# Difference between revisions of "1996 AHSME Problems/Problem 20"

## Problem 20

In the xy-plane, what is the length of the shortest path from $(0,0)$ to $(12,16)$ that does not go inside the circle $(x-6)^{2}+(y-8)^{2}= 25$?

$\text{(A)}\ 10\sqrt 3\qquad\text{(B)}\ 10\sqrt 5\qquad\text{(C)}\ 10\sqrt 3+\frac{ 5\pi}{3}\qquad\text{(D)}\ 40\frac{\sqrt{3}}{3}\qquad\text{(E)}\ 10+5\pi$

## Solution

The pathway from $A(0,0)$ to $D(12,16)$ will consist of three segments:

1) $\overline{AB}$, where $AB$ is tangent to the circle at point $B$.

2) $\overline{CD}$, where $CD$ is tangent to the circle at point $C$.

3) $\widehat {BC}$, where $BC$ is an arc around the circle.

The actual path will go $A \rightarrow B \rightarrow C \rightarrow D$, so the acutal segments will be in order $1, 3, 2$.

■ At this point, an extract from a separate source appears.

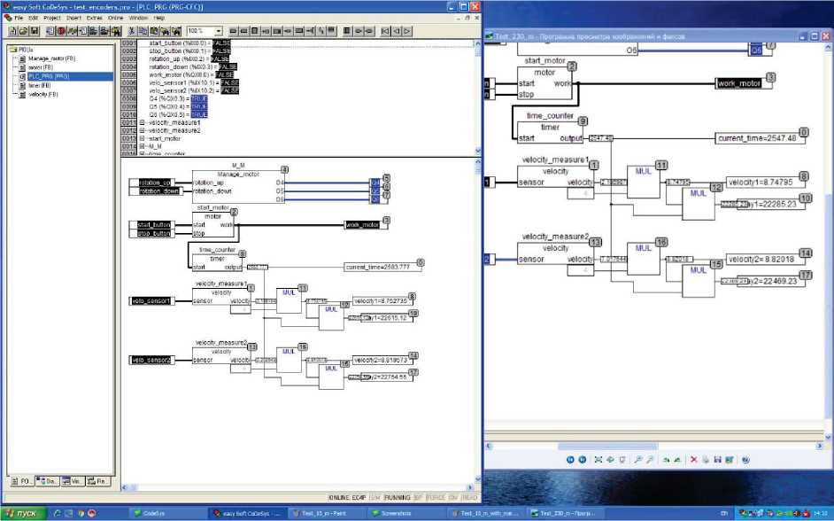 На рис. 4 показана вычислительная система стенда в составе ПЛК и персонального компьютера. Контроллер способен работать на всех языках программирования стандарта МЭК (LD, IL, ST, SFC, FBD, CFC). Для программирования используется среда CODESYS. У данного контроллера на борту имеются дискретные и аналоговые входы 0–10 В, релейно-контактные выходы, интерфейс подключения по сети Ethernet и CAN open. Кроме того, у контроллера есть дисплей отображения его состояния и кнопки управления, что делает данный ПЛК весьма удобным в эксплуатации [18].

Let $O$ be the center of the circle at $(6,8)$.

$OA = 10$ and $OB = 5$ since $B$ is on the circle. Since $\trianlge OAB$ (Error making remote request. No response to HTTP request) is a right triangle with right angle $B$, we find that $AB = \sqrt{10^2 - 5^2} = 5\sqrt{3}$. This means that $\triangle OAB$ is a $30-60-90$ triangle with sides $5:5\sqrt{3}:10$.

Notice that $OAD$ is a line, since all points are on $y = 2x$. In fact, it is a line that makes a $60^\circ$ angle with the positive x-axis. Thus, $\angle DOC = 60^\circ$, and $\angle AOB = 60^\circ$. These are two parts of the stright line $OAD$. The third angle is $\angle BOC$, which must be $60^\circ$ as well. Thus, the arc that we travel is a $60^\circ$ arc, and we travel $\frac{C}{6} = \frac{2\pi r}{6} = \frac{2\pi \cdot 5}{6} = \frac{5\pi}{3}$ around the circle.

Thus, $AB = 5\sqrt{3}$, $\widehat {BC} = \frac{5\pi}{3}$, and ${CD} = 5\sqrt{3}$. The total distance is $10\sqrt{3} + \frac{5\pi}{3}$, which is option $\boxed{C}$.